Cielo Donís rompe con la templanza cartesiana porque su cometido está más cercano a la alteración y al desenfreno. Sus personajes se mueven en sordina, en el silencio que los hace apenas visibles. El mayor propósito de esas mujeres desvestidas es simular la inocencia y entregarse sin disimulos a los placeres carnales. Ya sea ante el laberinto de las imaginaciones o en el terreno sadomasoquista. Otro personaje engendrará una mujer en plenitud; el torso de la embarazada semejará un modelo anatómico de brazos fragmentados.
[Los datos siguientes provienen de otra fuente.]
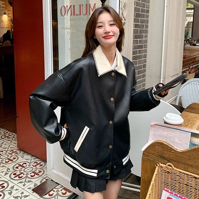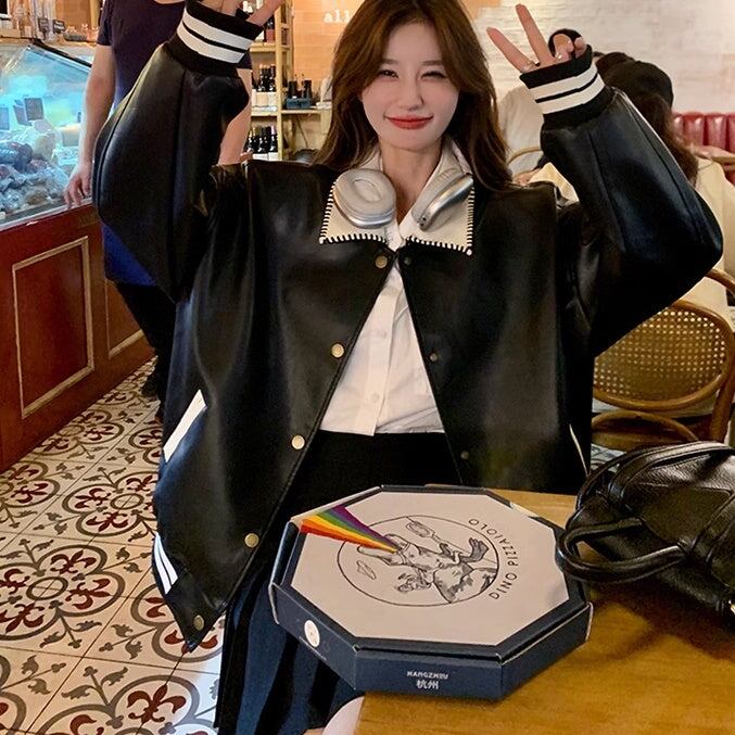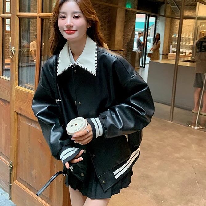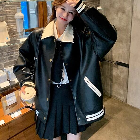 レザージャケット レディース 韓国 ファッション スタジャン スナップ バイカラー モノクロ おしゃれ アウター エコレザー フェイクレザー
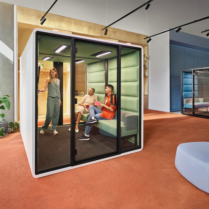 HushFree booths are a great acoustic solution for flexible meeting spaces within office spaces. The hushFree.S pod fits a single person, and the hushFree.M fits smaller groups than the hushFree.L. User control options include ventilation and lighting.
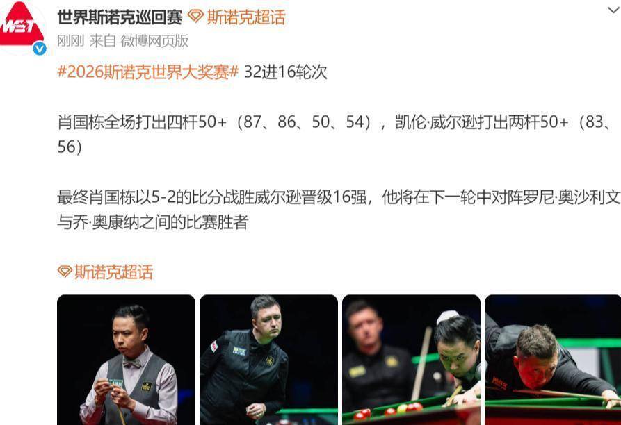 这场比赛的数据说明了一切。 肖国栋打出了四杆50 (87,86,71,50),进攻成功率和长台进球率在关键时刻都压过了威尔逊。 他赢得不仅仅是比分,更是在控球、防守和关键时刻的心理博弈上,取得了完胜。 这场胜利,让肖国栋成为了本届香港大奖赛第一位闯入16强的中国选手。

En otras obras la presencia de la flores es recurrente. En otro tiempo, el emperador Rodolfo II (1576-1612), rey de Hungría y de Bohemia, amó el trabajo de sus ilustradores, quienes con maestría sin igual capturaron las plantas y los racimos floridos que poblaban su reino. Ya en el siglo XX, los fotógrafos Irving Penn y Robert Mapplethorpe fueron más lejos. Dejaron atrás la exploración científica y se entregaron al descubrimiento de los pliegues de las flores. ¿Qué significaba involucrarse con esas formas? Entre otras llegar a la analogía de aquello que es corporeidad humana. Los genitales femeninos se repliegan en el secreto, se cierran o se abren de acuerdo a la ausencia o a la insistencia del deseo. Cielo Donís conserva la mirada escrutadora que con líneas de admirable belleza descubre lo que pierde la mirada fugaz. Una es la descripción detallada de ese reino vegetal, en tanto que la búsqueda de la artista radica en hacer visible lo que se oculta bajo esa complejidad que tanto recuerda el misterio de la intrincada geografía íntima de las mujeres. En otra imagen una dama está en cuclillas. Su rostro está atrapado por una sombra que cruza un punto superior del grabado. La vista desciende y el espectador se encuentra con el cuello del vestido que está ornamentado con un listón que termina en gracil moño, prólogo que después mostrará los volúmenes de los pechos. El viaje de la mirada se colocará por otros entresijos. La artista, con formidable malicia, permite que los muslos de la mujer enseñen su desnudez. Ese recorrido tiene como escala obligada unos pies calzados por unos zapatos que acentúan el carácter sugerente de la feminidad.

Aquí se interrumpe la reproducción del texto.